フェティッシュ・モード―視覚的って書いたけど、触覚的の方が適切かもしれない

 

 

『彼が彼女の女だった頃』赤坂真理著を読む。

 

作者は一貫して現代人の身体機能不全を書いている。っていうのは大げさか。病気、失調、変調など、一見それはアブノーマルのように思えるが、よおく考えていくと、誰もが経験する、もしくは経験する可能性があり、ノーマルとの線引きは、曖昧なわけで。そこらへんのグラデーションのあたりを視覚的、映像的な文体で、実に巧みに文字化している。

 

最新モードやトレンド、音楽への造詣が深いことも、現代の濃厚なリアリティを出すのには欠かせないことだろう。

 

本作は短編小説集で、結果的にいろんなテイストで構成されている。ともすると、落穂拾い的寄せ集めの短編集ってのがあるんだけど、これはアタリ! まるで洋楽のような日本のロックっていう感じ。洋楽かと思って聞いていると、日本語の歌詞が途中からはじまる、そんなJ−WAVE御用達のような…。

 

SM、ボンテージなどのフェティッシュな世界やクラブなどの世界をテーマにしても、村上龍のような過剰なまでの情報サービスはなく、あくまでもクールに、淡々とエロティシズムを表現している。

 

たとえば、こんなとこ。
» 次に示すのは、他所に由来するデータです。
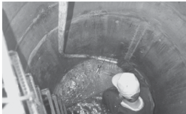
INTERIOR THROUGH WALL APPLICATION: BENTOGROUT injected to the exterior of a manhole through pre-drilled holes using a short injection wand

『桃』という作品で女の子が、街中でナンパされた台湾人と桃を食べるシーンが出てくる。桃を食べるというと、鈴木清順の映画の有名なワンシーンを思い浮かべるが、かなりエロティック。桃の芳香と齧ると果肉から滴り落ちる果汁。どさくさまぎれに、彼女は彼に胸をまさぐられ、乳首をつままれる。彼女は、つやつやした「絹のサテン」のノーパッドのブラジャーをしていて、「乳首の固く尖るのをすぐ外に伝えてしまう」。

 

視覚的って書いたけど、触覚的の方が適切かもしれない。肌触り、触感。やっぱり、身体的。意図的なのか、作者の資質なのかは知らないが、即物的で、低体温。だけど、カッコいい。広告のコピーだと本文は、ボディ・コピーっていうんだけど、ナイスボディ・コピー。

 

思春期特有の衝動的な苛立ちを描いた『幻の軍隊』が秀逸。心の中のピストルの引き鉄。心の中でとどまるのか、実際に、行動に起こすのか。あやうさ、あやふやさは、ナウだよね。

 

短編小説だから当たり前だけど、文字数は少ない。けれど、行間から伝わるもの、読んだ後の余韻が心地良く、何度も、それを噛みしめた。